Disclaimer: I don't own Griever, Biggs, Wedge, or anything FF8 related. I did not invent the kitty litter and will not be held responsible for chunks of sandy cat poo around the house.
o—o
Chapter Thirteen: …Griever sat in a little corner in the apartment's modestly sized bathroom. This was humiliating! A guardian force, using a kitty litter! A GF as great as he, Griever, reduced to feline excretory facilities! An absolute outrage! If he ever finds out whoever made this stupid law about only humans being allowed to use toilets, he's going to bury him in a kitty litter! Damn the refreshing scent crystals! They mock him…
o—o
"Zell, I'm going to the training center to get ready to arrest those two idiots, alone. If Rinoa comes looking for me, distract her," said Squall.
"You can count on me!"
As Squall walked down the hall to the training center, he set his mind for the task ahead. If he finds those two… When he finds those two idiots there is going to be trouble, lots and lots of trouble. As he stalked through the artificial jungle he felt the Grats avoiding him. They could sense his hostility. He'll have to seek out a T-Rexaur, then.
Meanwhile, outside Squall's dorm, Rinoa knocked.

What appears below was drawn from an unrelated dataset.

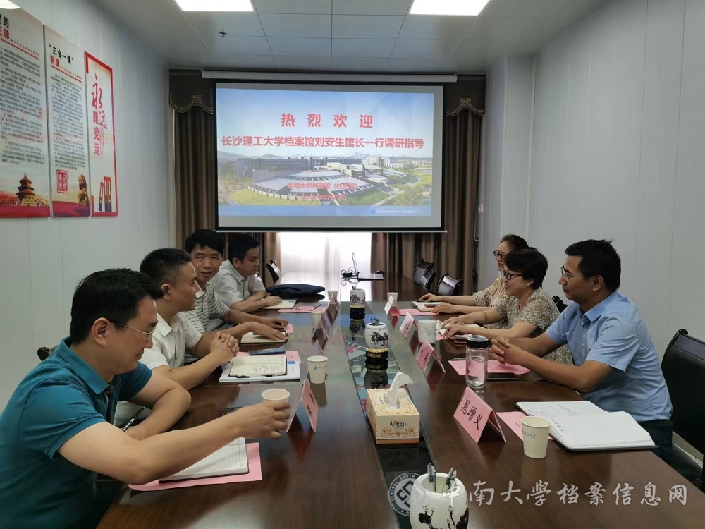 9月29日,长沙理工大学档案馆馆长刘安生一行来校调研,学校档案馆馆长张朝晖、副馆长周新宏及相关科室主任等参与座谈研讨。

"Squall? Squallie? Zell told me you were in there. Can I come in?"
"Whatever."
"That's not very nice, Squall. Come on, open up!"
"…"
"Squall!"
"Whatever."
"Grr! I hate it when you're like this!"
"Whatever."
"What is wrong with you, Squall! Are you mad at me or something? What's with you today!"
"…"
"Squall! You're hurting my feelings!"
"Whatever."
"You big meanie! I'm going to cry!"
"…"
"That's it! Flare!"
As the door melted explosively, Rinoa looked into Squall's room through the red haze of anger. There, on his bed was a tape recorder. "Whatever… … Whatever. Whetever… Whatever…"
"ZELL!"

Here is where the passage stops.